Я удивленно подтвердил его догадку и заговорил о полипах. Когда я попытался перейти в своем отчете к принципиальным вопросам – «Только если удастся применить педагогический принцип глобально…», – он сухо отрезал: «Мальчик мне нравится».
– Но он это сделает.
– Возможно.
– Как мне поступить? Как классный руководитель, я отвечаю…
– Вы слишком много думаете о себе. Не вы, а ваш мальчик хочет это сделать.
– А мы должны помешать ему.
– Почему, собственно? – спросил по телефону врач. – Что мы выиграем, если он этого не сделает?
– Они его убьют. Бабы из «Кемпинского» с их вилочками для пирожных. Они растопчут его. А телевидение наведет камеры и попросит облегчить работу: «Будьте благоразумны. Отступите чуть-чуть назад. Как же мы дадим объективный отчет, если вы будете мешать нам…» Уверяю вас, доктэр: вы можете сегодня на Курфюрстендаме в час пик, скажем, на углу Иоахимсталер, распять Христа и воздвигнуть крест с ним, и люди будут глазеть, делать снимки, если аппарат окажется под рукой, толкаться, если не будет видно, и радоваться хорошему месту, потому что зрелище-то волнующее. Но увидев, как кто-то здесь, в Берлине, сжигает собаку, собаку, они этого человека ударят и будут бить до тех пор, пока он не перестанет шевелиться, а потом стукнут еще разок и еще.
(Этот свой номер с Голгофой я позаимствовал у Ирмгард Зайферт. «Поверьте мне, Эберхард, каждый день на каком-нибудь городском перекрестке убивают Христа, и люди знай себе смотрят, кивают в знак одобрения».)
Врач остался холоден. (Религиозные параллели были ему неприятны.)
– Полагаю, ваш ученик знает, что ждет его при такой неимоверной любви к животным в широких слоях населения.
– Придется мне, стало быть, заявить властям.
– Понимаю, что вы беспокоитесь за свое место штудиенрата.
– Но что же мне…
– Позвоните еще раз в середине дня. Понимаете, идет прием. Работа у меня не прекращается. Даже если мир застынет на месте, люди все равно будут приходить ко мне с полным ртом жалоб и воплей…
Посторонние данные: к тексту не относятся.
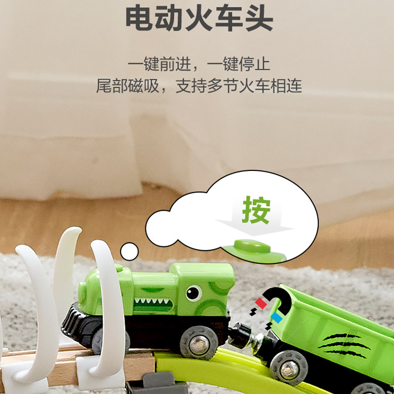 Hape火车轨道恐龙冒险收纳套电动火车儿童玩具拼搭积木生日礼物

Шагать по берберийскому ковру: моя обнова. Цитировать Иеремию: «Ах, как потускло золото, изменилось золото наилучшее…» Под надзором письменного стола, на котором начатое радо было бы обрасти в своей папке новыми историями. Ну, давай же, давай. Придумай себе маленькое, изящно выполненное убийство. Нельзя же, чтобы твоя невеста с этим Шлотау. Ты мог бы подключить взрывчатку к электрической сигнализации песочницы, и как только Линда начнет контрнаступление у Курска, можно бы ее, его и Крингса вместе с сараем… Или не мудрствуя продолжать о Шёрнере… Или лучше к Рейману на пару пива… Или новая комбинация: бутылка колы и рюмка водки…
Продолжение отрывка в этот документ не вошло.